My first Roamio Pro had the following issues:

Minor to Major Macroblocking upon reboot/restart, sometimes requiring pulling the CableCARD to resolve.
Daily missed recordings due to "No Signal" (I set-up 30 SDV SPs to rigorously test, 150 SPs total)
Recordings in Progress would never resume recording after a reboot/restart.
The first unit must have had a faulty tuner and/or signal amp. The replacement unit so far works perfectly and does not have the same issues.

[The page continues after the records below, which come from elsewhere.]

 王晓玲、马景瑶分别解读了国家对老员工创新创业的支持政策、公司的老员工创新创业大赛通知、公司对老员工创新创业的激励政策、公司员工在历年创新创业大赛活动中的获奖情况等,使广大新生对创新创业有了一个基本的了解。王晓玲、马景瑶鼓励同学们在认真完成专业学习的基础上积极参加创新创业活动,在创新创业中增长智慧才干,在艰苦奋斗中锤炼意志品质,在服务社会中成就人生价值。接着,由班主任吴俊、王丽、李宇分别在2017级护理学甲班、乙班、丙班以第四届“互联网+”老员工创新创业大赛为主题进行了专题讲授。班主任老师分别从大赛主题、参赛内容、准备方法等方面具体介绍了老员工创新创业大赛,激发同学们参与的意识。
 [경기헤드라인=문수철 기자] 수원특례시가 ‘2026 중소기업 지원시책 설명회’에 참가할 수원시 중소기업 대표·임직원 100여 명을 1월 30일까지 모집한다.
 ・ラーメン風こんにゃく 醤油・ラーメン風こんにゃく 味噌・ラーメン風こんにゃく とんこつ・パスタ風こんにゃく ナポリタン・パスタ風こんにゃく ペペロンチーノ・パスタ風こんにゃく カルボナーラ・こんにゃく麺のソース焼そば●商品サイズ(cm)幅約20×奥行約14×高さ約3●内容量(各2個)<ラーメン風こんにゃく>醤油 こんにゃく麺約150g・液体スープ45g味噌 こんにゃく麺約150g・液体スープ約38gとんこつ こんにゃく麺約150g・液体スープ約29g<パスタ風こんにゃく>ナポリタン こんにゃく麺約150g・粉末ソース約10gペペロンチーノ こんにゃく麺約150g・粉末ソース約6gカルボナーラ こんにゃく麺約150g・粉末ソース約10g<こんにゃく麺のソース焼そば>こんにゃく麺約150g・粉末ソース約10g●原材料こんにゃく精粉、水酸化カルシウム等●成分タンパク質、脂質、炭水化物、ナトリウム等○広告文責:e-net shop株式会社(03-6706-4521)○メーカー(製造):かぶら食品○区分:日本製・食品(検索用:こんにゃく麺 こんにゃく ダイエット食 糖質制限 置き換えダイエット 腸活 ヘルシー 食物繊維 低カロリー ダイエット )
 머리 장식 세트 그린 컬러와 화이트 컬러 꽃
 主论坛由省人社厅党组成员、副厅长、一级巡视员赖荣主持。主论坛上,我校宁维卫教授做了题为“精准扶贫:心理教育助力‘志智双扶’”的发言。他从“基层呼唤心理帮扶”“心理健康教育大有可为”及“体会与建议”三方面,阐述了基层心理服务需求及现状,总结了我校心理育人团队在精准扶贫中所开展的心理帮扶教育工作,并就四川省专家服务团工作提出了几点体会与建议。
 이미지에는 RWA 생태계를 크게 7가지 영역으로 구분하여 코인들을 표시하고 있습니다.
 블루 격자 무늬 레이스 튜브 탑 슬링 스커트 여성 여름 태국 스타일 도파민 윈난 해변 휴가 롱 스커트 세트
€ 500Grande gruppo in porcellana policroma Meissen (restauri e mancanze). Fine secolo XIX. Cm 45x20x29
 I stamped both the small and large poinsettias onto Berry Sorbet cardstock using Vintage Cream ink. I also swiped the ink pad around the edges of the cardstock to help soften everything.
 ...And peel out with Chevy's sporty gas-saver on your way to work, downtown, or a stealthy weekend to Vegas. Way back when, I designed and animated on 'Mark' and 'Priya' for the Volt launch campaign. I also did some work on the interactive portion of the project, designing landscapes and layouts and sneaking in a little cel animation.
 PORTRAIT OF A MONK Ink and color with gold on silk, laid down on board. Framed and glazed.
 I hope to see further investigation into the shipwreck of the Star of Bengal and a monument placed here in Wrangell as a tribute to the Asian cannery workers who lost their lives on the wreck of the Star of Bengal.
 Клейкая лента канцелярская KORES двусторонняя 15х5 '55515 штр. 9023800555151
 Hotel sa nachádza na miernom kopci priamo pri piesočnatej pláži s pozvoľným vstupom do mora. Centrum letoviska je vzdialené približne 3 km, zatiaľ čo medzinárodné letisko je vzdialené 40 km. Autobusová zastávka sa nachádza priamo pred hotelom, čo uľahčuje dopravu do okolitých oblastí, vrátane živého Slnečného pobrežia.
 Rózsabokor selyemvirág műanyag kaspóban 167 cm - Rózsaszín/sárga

I had replaced the CC and TA three times and swapped locations with my Elite, attempting to troubleshoot the first unit, and it exhibited the same issues in all cases.


----------



## sheisler28 (Mar 7, 2008)

_Knocking on wood_ hoping we've maybe stumbled upon a fix. When my husband unhooked the TA the other night he noticed it was hooked up in an odd way. It was sticking in his mind so before he went to exchange the cable card at Cox yesterday he did some googling and looking at Tivo and found a diagram of how to hook up a TA to a Roamio. It was hooked up totally different than how ours was hooked up (by the Cox techs (3 of them!), not us). Instead of exchanging the CC he decided to try hooking up the TA the way Tivo suggested and low and behold perfect signal. It also brought the SNR down to 34 from 36. Now Tivo keeps telling us 34 is optimum but Cox fights this saying 34 is too low and it should be 36 or 37. It's been hooked up like this for 24 hours now running at 34 with a perfect signal with no pixelating at all. Fingers crossed that maybe we've discovered the issue? 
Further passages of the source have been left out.